[G4] swapping boot drive to PCI ATA controller card
Ronald Steinke
ronsteinke at mac.com
Wed Sep 28 23:33:03 PDT 2005
On Sep 28, 2005, at 10:40 PM, Glenn Peterson wrote:
All,
I am wondering the same as I would like to increase my HD size and
system
speed at the same time. Has anyone tried this already and would you
please
share the results with us? Thank you.
Glenn
> From: Wayne Clodfelter <wayne at troutnc.com>
>
> I have purchased an UltraATA 133 card to get better performance from
> my internal ATA drives on my QuickSilver.
> Is it as simple as install the card and reroute the controller end of
> the drive cable from the built-in controller on the mobo to the card
> and restart? Or is there more to it than that?
> Thanks.
>
> Regards,
>
> Wayne Clodfelter
I have never tried to connect the motherboard IDE controller to a PCI
card IDE controller, but it seems to me that it would be a terrible
mistake to attempt such a move. When I installed my Sonnet IDE
controller card, there was no information about making a connection
from the MoBo to the card except for the PCI socket circuitry. The
extra drives were connected to the controller card sockets by the new
ribbons and that gave me an additional two functional hard drives in
the case of my G4 Gbit.
If someone else can give an exact reason, other than my fear of trying
to run two controllers (the MoBo one AND the card one) through the same
circuit on the PCI card, it would certainly advance my Mac knowledge.

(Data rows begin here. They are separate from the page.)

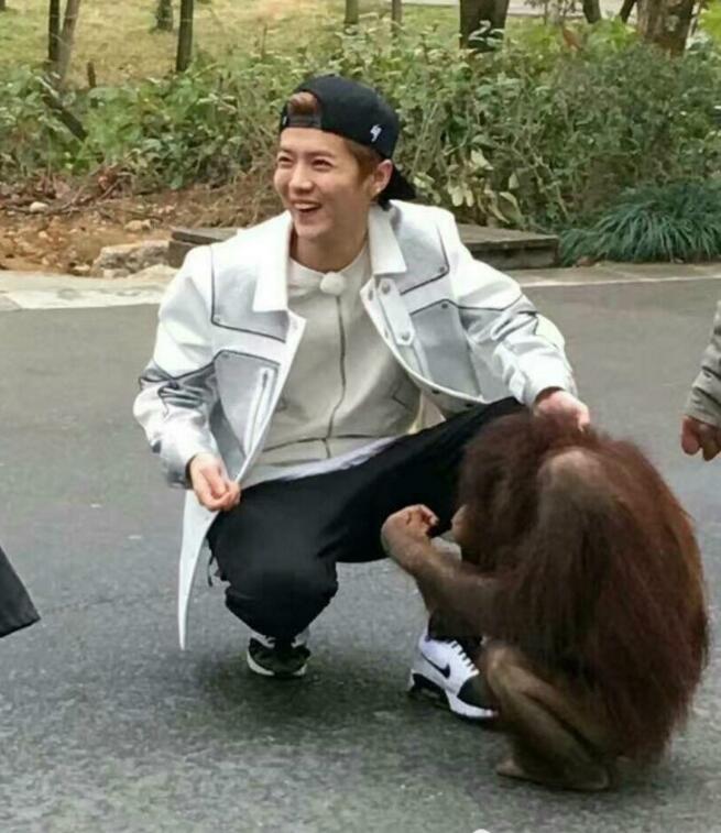 【本文转载自微信公众号“美女爱八卦”】作为目前娱乐圈炙手可热的人物,鹿晗的一举一动受到粉丝们的广泛关注。有粉丝就拍到了鹿晗在杭州录《奔跑吧》时的照片。照片中鹿晗竟然牵着一只大猩猩,看来这只大猩猩非常温顺,惹得鹿晗笑的花枝招展。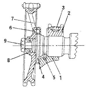 » Открутить за несколько этапов болты крышек подшипников распределительного вала и снять крышки по очереди. Крышки помечены номерами в местах, показанных на рисунке (стрелки). На рисунке показан 4-цилиндровый двигатель, однако, рассматриваемые здесь другие двигатели подобны. » Вынуть распределительный вал вверх. » Вынуть крепление распределительного вала из головки блока цилиндров. На рисунке показан поперечный разрез конца распределительного вала с расположением креплений Эти полукруглые шайбы (полушайбы) ограничивают осевое перемещение распределительного вала.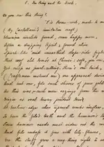 Poétesse de renom, Elizabeth Barrett est atteinte d'une sorte de paralysie et se cloître depuis le décès accidentel de son frère préféré[61]. De plus, son état est aggravé par d'importantes prescriptions d'opium et aussi l'affection despotique que lui porte son père. Les deux poètes se font une cour secrète par lettres interposées. La première missive de Browning, du , a été plutôt hardie : « J'aime (love) vos vers de tout mon cœur, chère Miss Barrett […] dans cet acte de m'adresser à vous, à vous-même, mon sentiment s'élève pleinement. Oui, c'est un fait que j'aime (love) vos vers de tout mon cœur, et aussi que je vous aime (love), vous[N 11],[8] », mais après de nombreuses réticences, Elizabeth, poussé par son ami John Kenyon, accepte que son admirateur lui rende visite, ce qui a lieu le . Désormais, il fréquente le 50 Wimpole Street presque tous les jours, couvre la chambre de la malade de fleurs et en 1846, il se décide à intervenir et organise le départ clandestin d'Elizabeth.

As far as increasing the speed of performance, I would suggest that any
increase would be the result of the hard drive connected to the PCI
card instead of the MoBo socket. If you installed a faster drive unit,
that might add to the performance because of a shorter seek/recover
time. But, all in all, I have found that the computer can never match
the speed of my brain because it has to wait until I physically tell it
what to do.
If only the machine could interface directly with the brain????? Shades
of Cyborg!!!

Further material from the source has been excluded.